GIVEN DATA:
·····

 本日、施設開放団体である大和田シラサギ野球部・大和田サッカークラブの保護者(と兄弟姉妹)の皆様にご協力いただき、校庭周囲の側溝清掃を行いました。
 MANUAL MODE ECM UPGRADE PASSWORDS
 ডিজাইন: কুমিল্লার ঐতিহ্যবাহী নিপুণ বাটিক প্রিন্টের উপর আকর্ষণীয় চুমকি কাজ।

·····

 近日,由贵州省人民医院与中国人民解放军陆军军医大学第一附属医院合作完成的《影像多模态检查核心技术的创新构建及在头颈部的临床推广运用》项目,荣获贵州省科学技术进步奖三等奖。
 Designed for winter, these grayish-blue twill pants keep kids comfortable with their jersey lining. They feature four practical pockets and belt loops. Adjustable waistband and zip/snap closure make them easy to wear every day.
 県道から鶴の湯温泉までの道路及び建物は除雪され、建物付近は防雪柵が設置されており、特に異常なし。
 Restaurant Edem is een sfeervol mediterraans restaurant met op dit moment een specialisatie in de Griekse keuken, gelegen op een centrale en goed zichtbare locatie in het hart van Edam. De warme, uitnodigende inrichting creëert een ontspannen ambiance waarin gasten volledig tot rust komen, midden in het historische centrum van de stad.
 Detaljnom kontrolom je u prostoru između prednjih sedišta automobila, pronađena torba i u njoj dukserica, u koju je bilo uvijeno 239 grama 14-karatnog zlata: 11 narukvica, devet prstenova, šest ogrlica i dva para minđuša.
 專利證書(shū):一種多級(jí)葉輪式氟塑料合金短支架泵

·····

Would you print exactly, and only, the lines of the data above from the line with "本日、施設開放団体である大和" through the line with "ডিজাইন: কুমিল্লার ঐতিহ্যবাহী", inclusive?

 本日、施設開放団体である大和田シラサギ野球部・大和田サッカークラブの保護者(と兄弟姉妹)の皆様にご協力いただき、校庭周囲の側溝清掃を行いました。
 MANUAL MODE ECM UPGRADE PASSWORDS
 ডিজাইন: কুমিল্লার ঐতিহ্যবাহী নিপুণ বাটিক প্রিন্টের উপর আকর্ষণীয় চুমকি কাজ।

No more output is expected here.